PROBLEM DETAILS:
In the entries below, begin at the line with "ruffle-trim cropped denim" and stop after the line with "Gateron Jupiter スイッチ(ホットスワップ)赤軸」"; output those lines exactly and omit the pictures.

EXTRACTED MATERIAL:
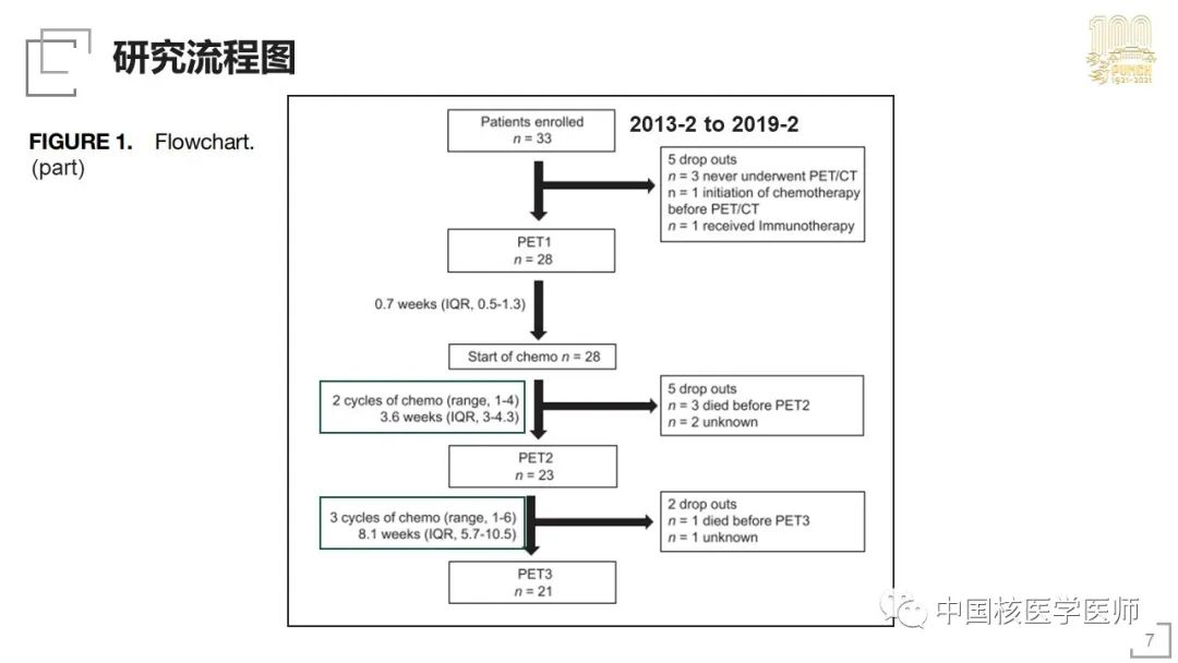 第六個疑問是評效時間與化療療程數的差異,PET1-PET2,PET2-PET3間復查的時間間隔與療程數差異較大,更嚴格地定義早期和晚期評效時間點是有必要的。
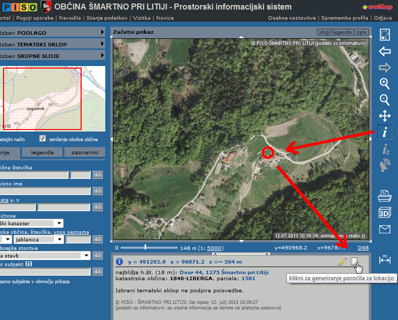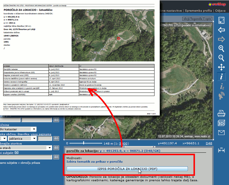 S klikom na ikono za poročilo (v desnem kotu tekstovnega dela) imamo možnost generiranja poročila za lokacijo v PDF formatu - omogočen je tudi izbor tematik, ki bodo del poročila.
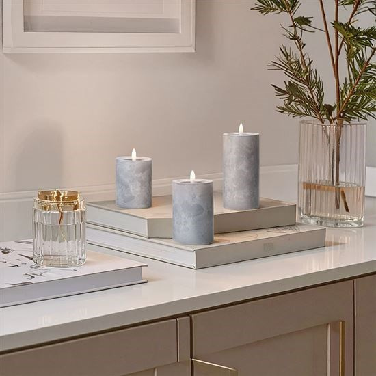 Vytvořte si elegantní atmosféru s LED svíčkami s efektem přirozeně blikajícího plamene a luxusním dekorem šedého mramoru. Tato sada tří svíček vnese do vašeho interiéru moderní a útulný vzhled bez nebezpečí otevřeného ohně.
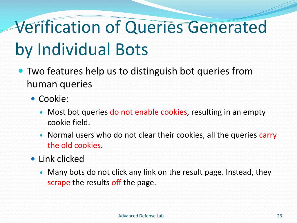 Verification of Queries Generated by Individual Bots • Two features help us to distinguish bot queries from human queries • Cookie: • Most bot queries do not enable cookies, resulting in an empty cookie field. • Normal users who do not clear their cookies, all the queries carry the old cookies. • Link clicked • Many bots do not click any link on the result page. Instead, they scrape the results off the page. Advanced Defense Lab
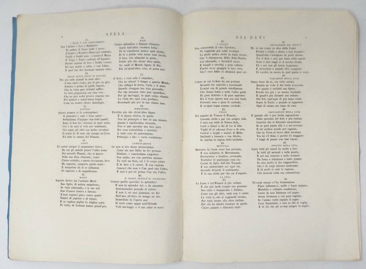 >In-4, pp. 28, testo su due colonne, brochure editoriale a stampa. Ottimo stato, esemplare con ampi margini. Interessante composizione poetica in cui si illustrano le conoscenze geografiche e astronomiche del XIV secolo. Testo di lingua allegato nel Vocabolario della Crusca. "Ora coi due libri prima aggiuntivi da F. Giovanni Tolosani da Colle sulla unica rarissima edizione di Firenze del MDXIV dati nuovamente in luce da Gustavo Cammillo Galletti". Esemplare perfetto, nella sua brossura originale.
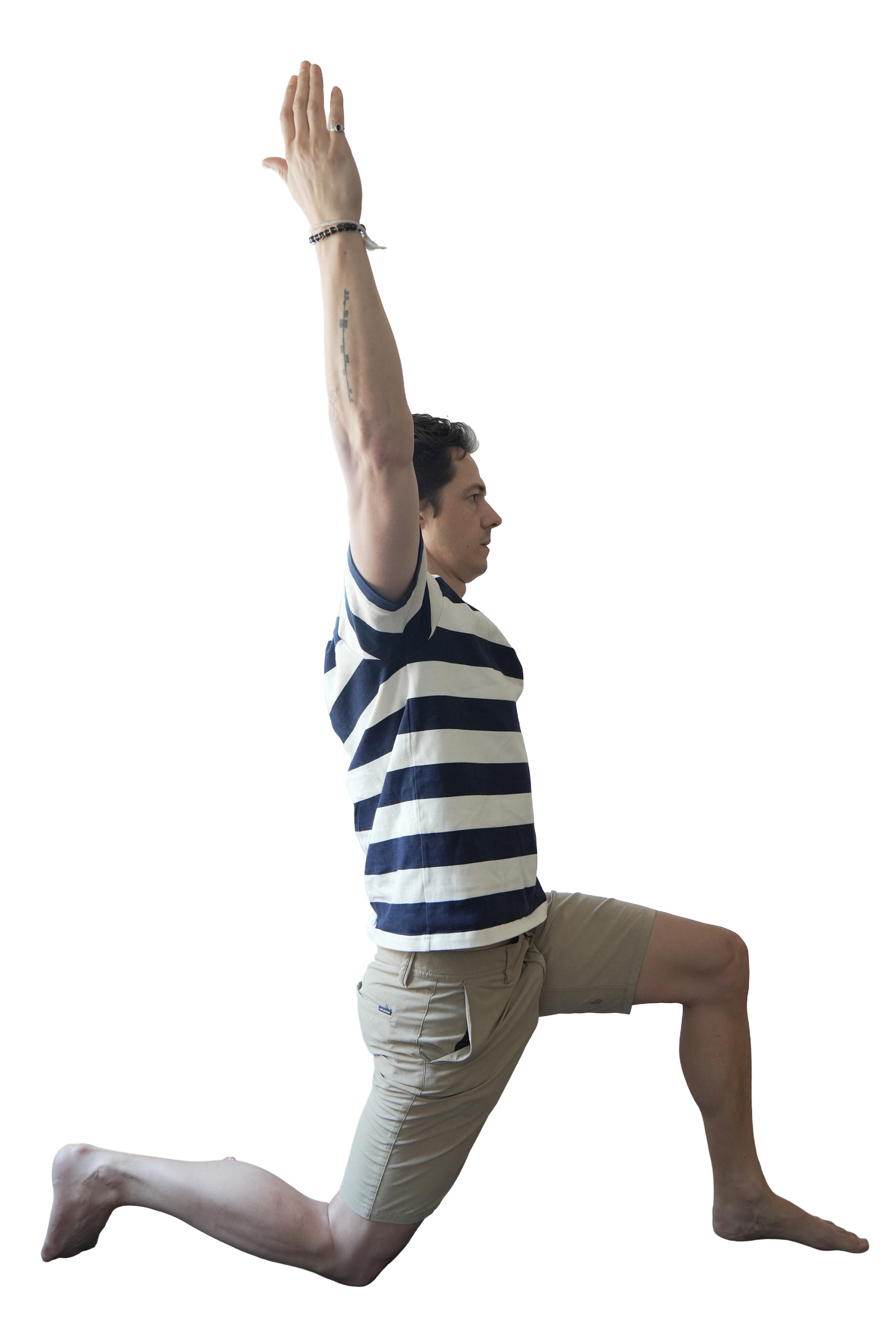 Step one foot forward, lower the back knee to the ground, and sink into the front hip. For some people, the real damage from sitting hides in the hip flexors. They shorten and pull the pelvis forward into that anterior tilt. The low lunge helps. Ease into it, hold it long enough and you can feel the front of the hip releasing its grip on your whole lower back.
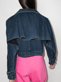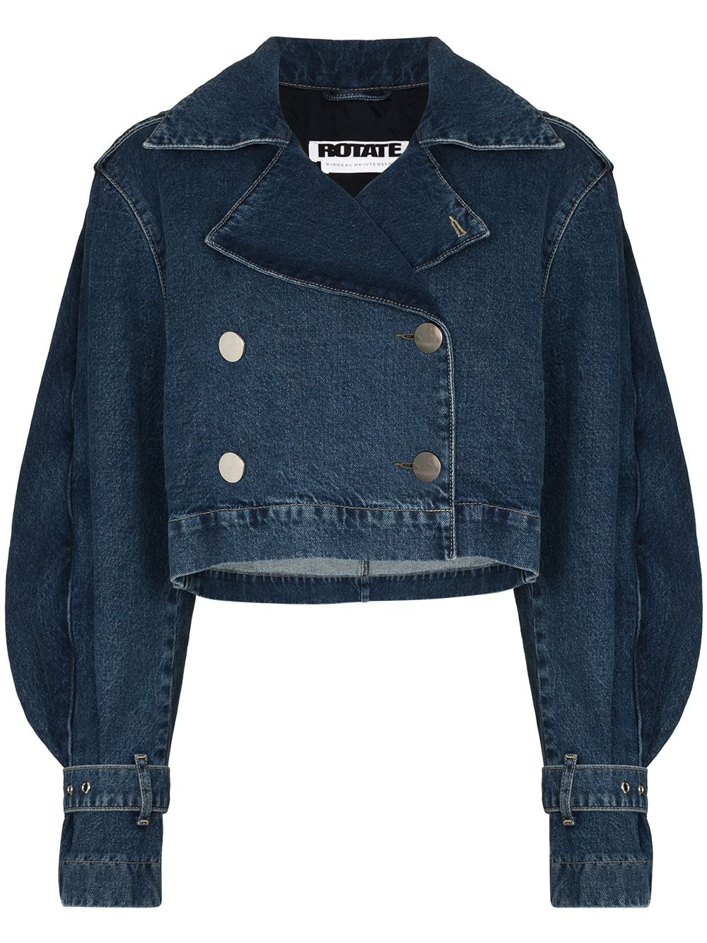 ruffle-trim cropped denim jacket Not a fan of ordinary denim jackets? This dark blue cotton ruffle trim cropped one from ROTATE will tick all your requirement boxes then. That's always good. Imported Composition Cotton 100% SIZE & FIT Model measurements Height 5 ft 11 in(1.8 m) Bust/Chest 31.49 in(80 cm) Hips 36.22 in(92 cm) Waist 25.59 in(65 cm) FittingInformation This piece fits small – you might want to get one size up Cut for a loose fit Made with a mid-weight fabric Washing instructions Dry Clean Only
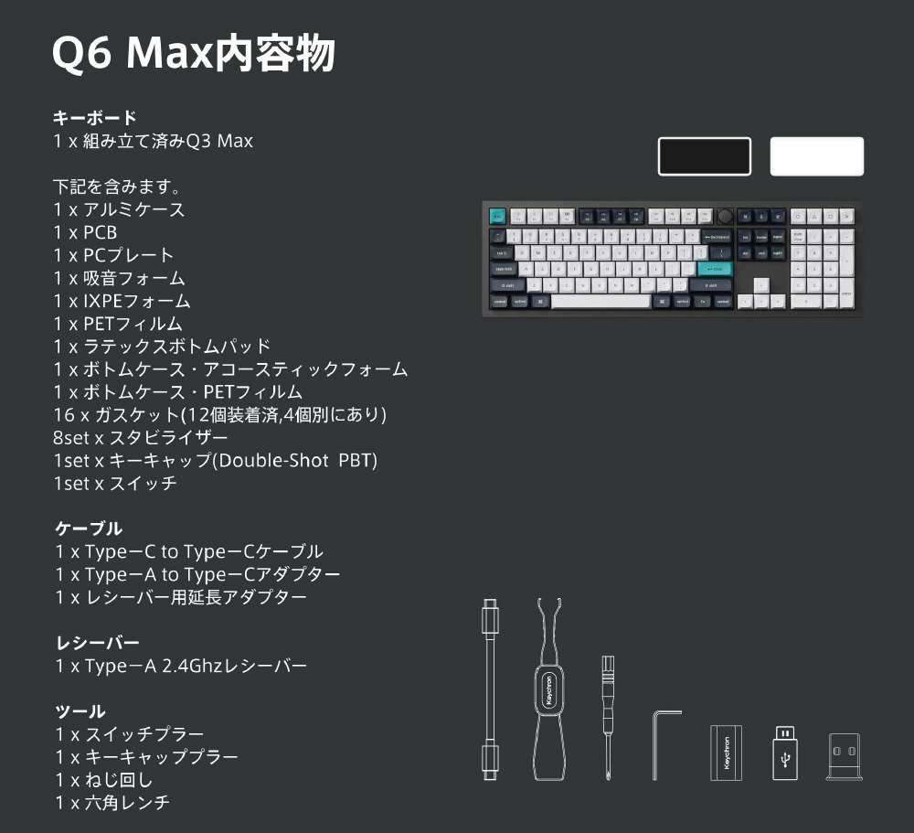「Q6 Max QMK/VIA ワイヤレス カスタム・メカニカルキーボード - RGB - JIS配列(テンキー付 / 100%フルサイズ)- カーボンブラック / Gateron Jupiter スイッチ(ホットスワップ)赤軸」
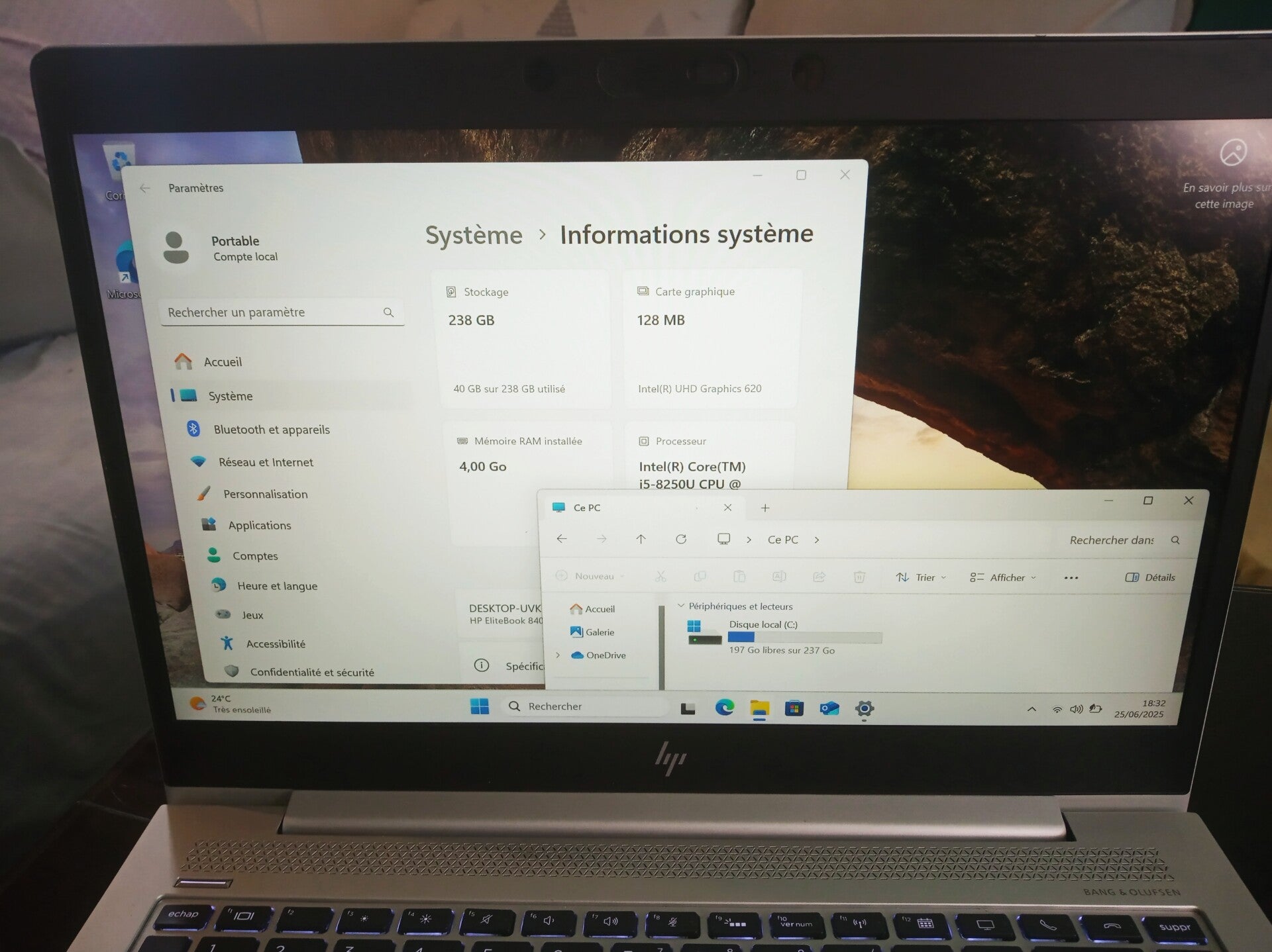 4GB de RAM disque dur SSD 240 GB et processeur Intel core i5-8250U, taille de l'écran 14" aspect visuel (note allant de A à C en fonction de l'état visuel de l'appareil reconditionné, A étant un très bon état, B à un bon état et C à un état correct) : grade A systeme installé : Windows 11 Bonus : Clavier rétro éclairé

EXERCISE SOLUTION:
 ruffle-trim cropped denim jacket Not a fan of ordinary denim jackets? This dark blue cotton ruffle trim cropped one from ROTATE will tick all your requirement boxes then. That's always good. Imported Composition Cotton 100% SIZE & FIT Model measurements Height 5 ft 11 in(1.8 m) Bust/Chest 31.49 in(80 cm) Hips 36.22 in(92 cm) Waist 25.59 in(65 cm) FittingInformation This piece fits small – you might want to get one size up Cut for a loose fit Made with a mid-weight fabric Washing instructions Dry Clean Only
「Q6 Max QMK/VIA ワイヤレス カスタム・メカニカルキーボード - RGB - JIS配列(テンキー付 / 100%フルサイズ)- カーボンブラック / Gateron Jupiter スイッチ(ホットスワップ)赤軸」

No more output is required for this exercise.